A bit more formally, the anomaly detection problem can be framed as a distribution estimation problem for a single class of data (normal behavior) coupled with a threshold selection procedure to define the negative pattern (anomaly) space. The challenge lies in developing sufficiently descriptive models of normal behavior that still allow descrimination of abnormalities.

Now Available

Software
The software used for the user-behavioral anomaly detection work, as documented in my thesis is now available under GPL. As a warning, this is RESEARCH GRADE software. Which means that it's flakey, obscure, poorly documented, and generally not intended for human consumption. They're also old and depend on a deprecated parsing package -- PCCTS (the Purdue Compiler Construction Tool Set). I've tried to include all the necessary post-processed files, so you should just be able to compile.
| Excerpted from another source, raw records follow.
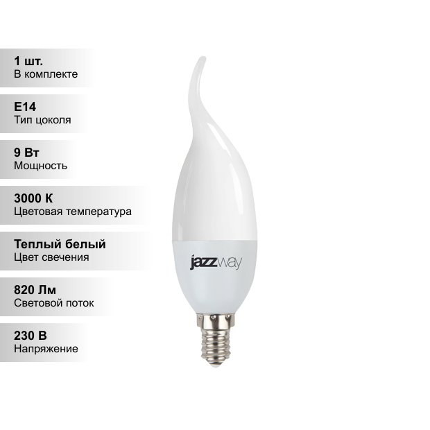 Лампа светодиодная jazzway 2859518A, E14, CA37, 9 Вт, 3000 К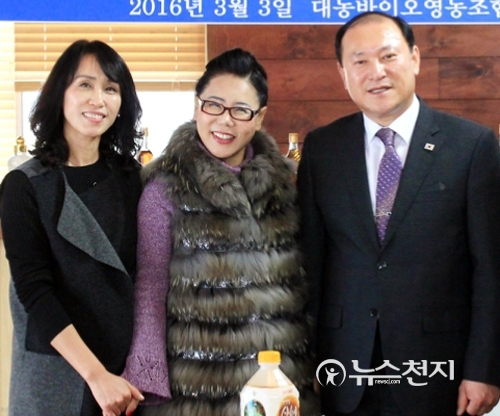 [천지일보=배정임 기자] ‘유망중소기업 대상 선정위원회’가 2015 유망중소기업 대상을 받은 대농바이오영농조합법인(우리산삼, 대표 황성헌)을 3일 현장 탐방했다. 이날 행사에서 남궁정애(남궁국악연구원장) 명창(사진 가운데)이 경기민요와 아리랑 등 여러 곡의 민요를 부른 후 황상헌 대표와 기념촬영을 하고 있다.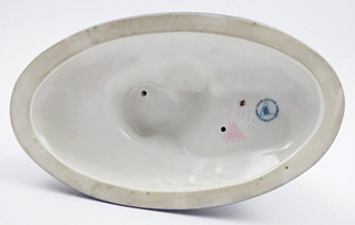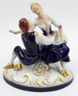 Československo 1970 - 1992. Bílý a ručně barevně malovaný i zlacený porcelán. Royal Dux, Duchcov. Výška 19 cm. Porcelánové sousoší sedícího mladého páru při namlouvání. Obličeje mladého muže i dívky, jejich oblečení a doplňky ručně barevně malované a zlacené. Na oválném mírně reliéfním nízkém podstavci. Značeno zespodu: originální nálepek z růžové porcelánové hmoty, tištěná firemní značka a vtlačená čísla.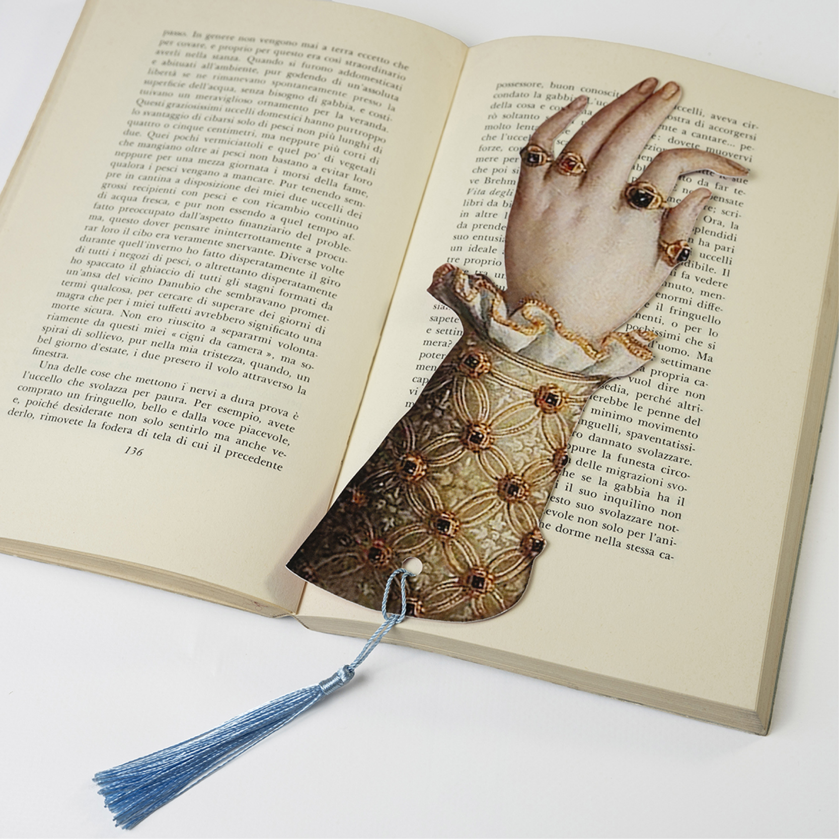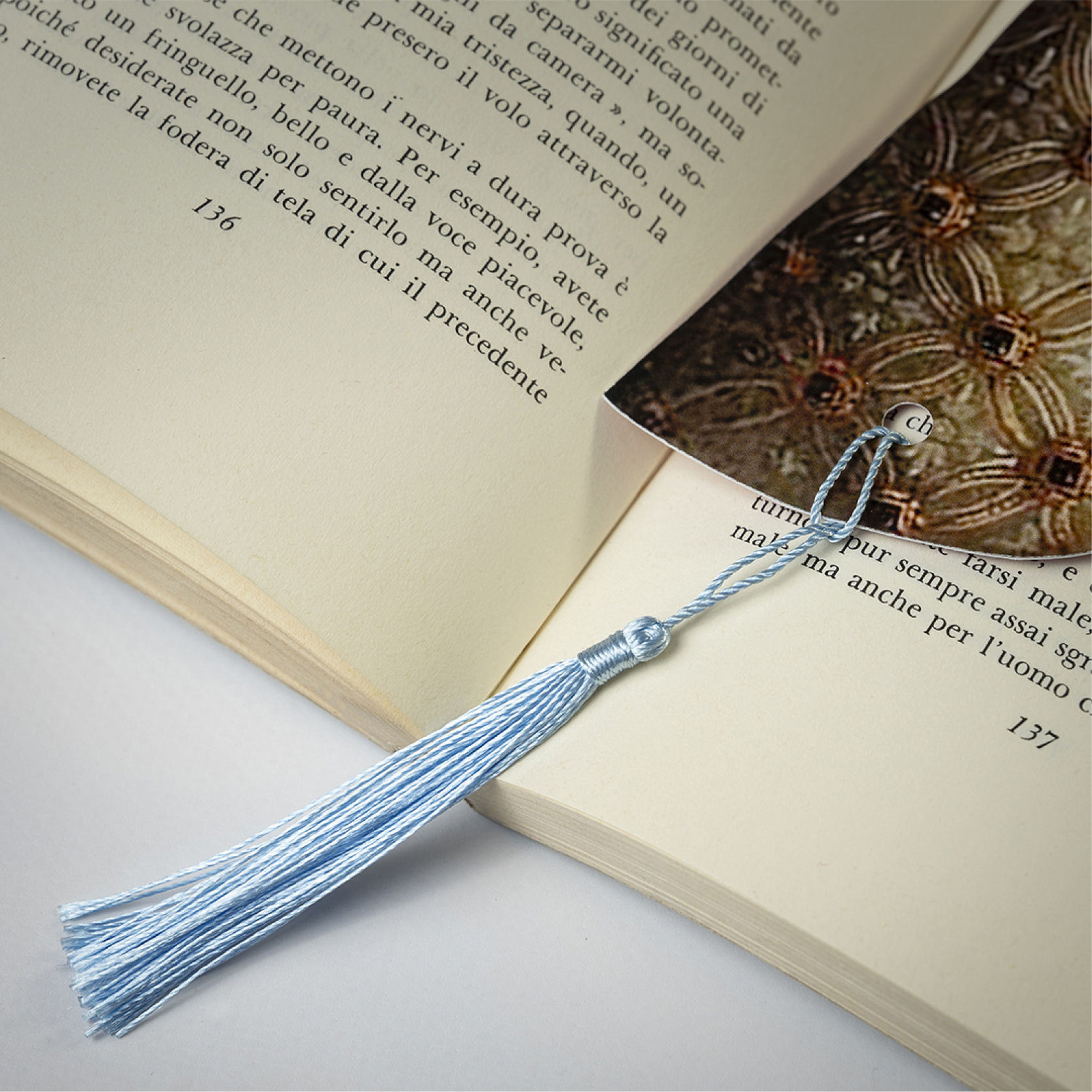 Segnalibro in cartoncino rigido con nappa fatta a mando in seta.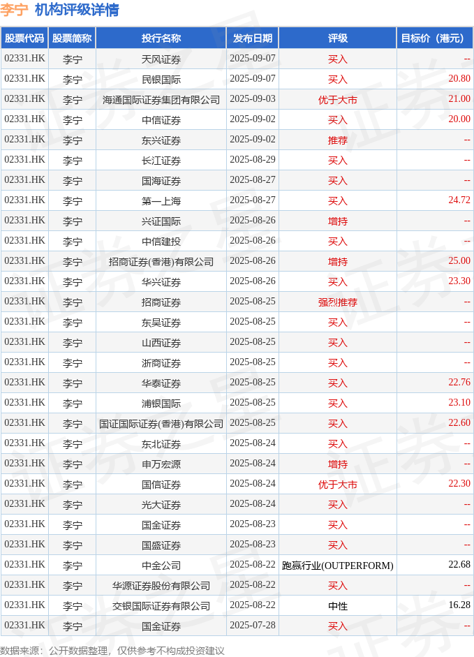 投行对该股的评级以买入为主,近90天内共有20家投行给出买入评级,近90天的目标均价为22.05港元。天风证券最新一份研报给予李宁买入评级。
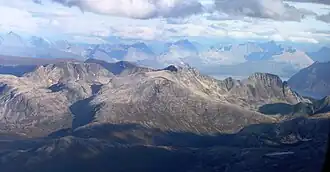 Soltindan is the highest mountain on the island of Ringvassøya which is located in Karlsøy Municipality in Troms county, Norway. It is located just north of the border with Tromsø Municipality, about 14 km (8.7 mi) southwest of the village of Hansnes. The 1,051-metre (3,448 ft) mountain has a topographic prominence of 1,051 metres (3,448 ft) and a topographic isolation of 16 kilometres (9.9 mi).[2] Just to the north of the peak is the small glacial lake, Brevatnet.
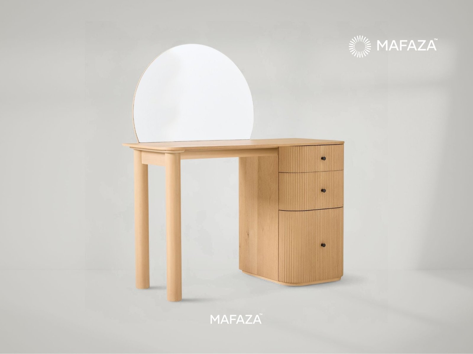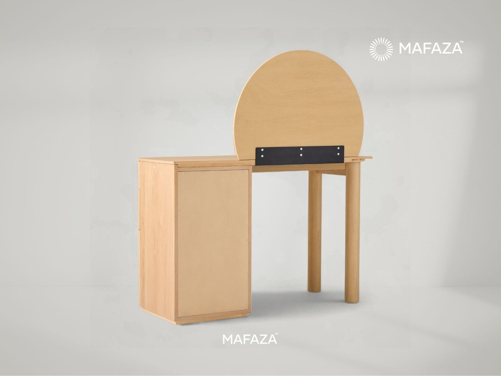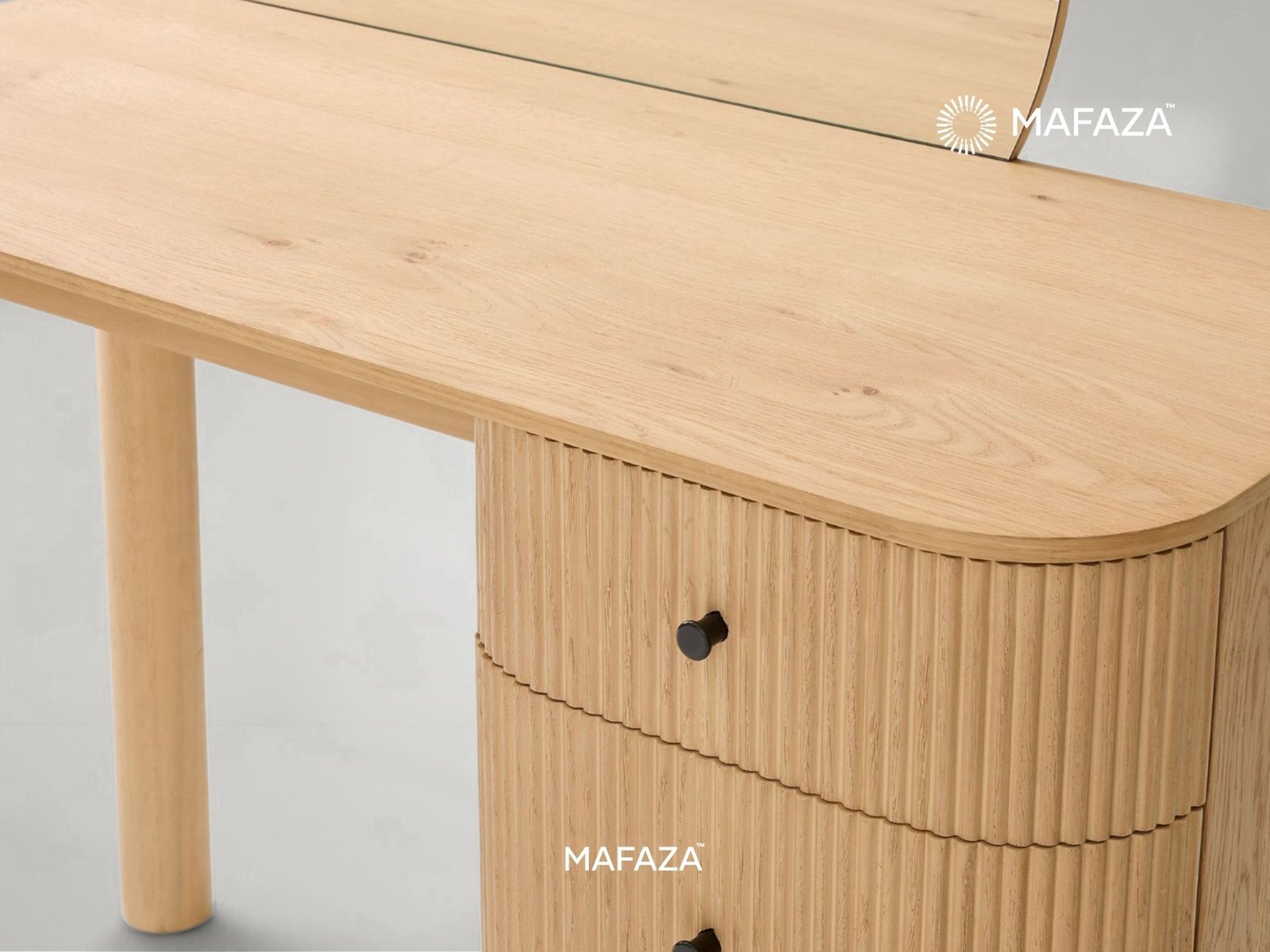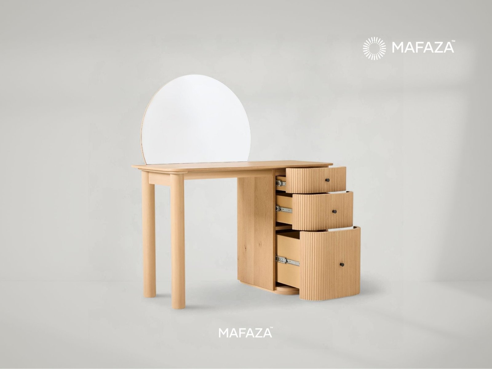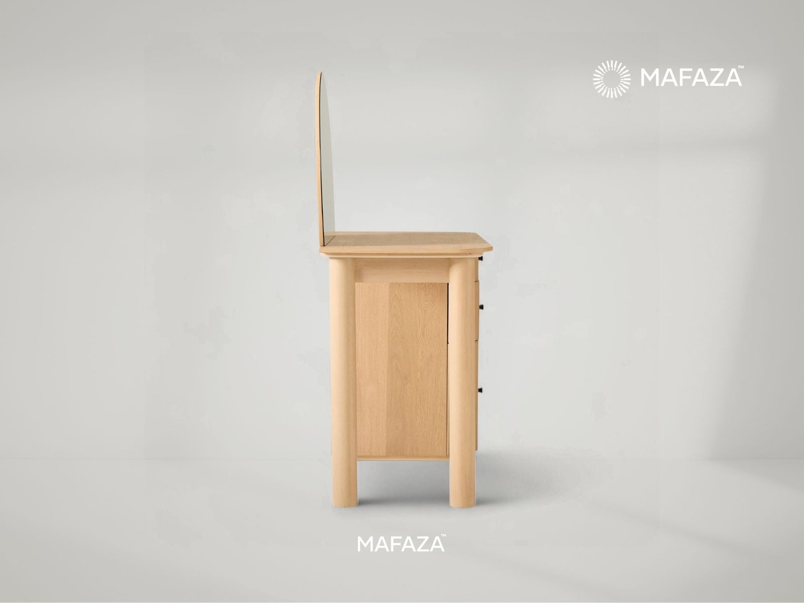 The Ellington Dressing Table embodies modern luxury with its elegance and grace. It is made by hand from certified teak wood and has three drawers (big, medium, and small) to keep your necessities in order. Ellington creates a serene and beautiful haven in every space with his flawless balance of softness and rigidity.

But if you find that you need to regenerate the parser parts from the original grammar, you may be able to get them to work by using the very nifty (and much more sophisticated) successor to PCCTS, ANTLR. Anyway, a number of people have expressed interest, so I'm making it available. Please let me know if you use either of these packages and find them useful in any way. Also, if you make any interesting modifications/improvements/bug fixes, I'd be delighted to hear about them.
Data
The Purdue Unix user data is available. Note that this data has been santized to remove identifying information and is available under conditions of ANONYMITY and FOR NON-COMMERCIAL USE only. More details are provided in the README file in the archive. If you're interested in the Calgary data that I discussed, I suggest that you contact Saul Greenberg at the University of Calgary directly.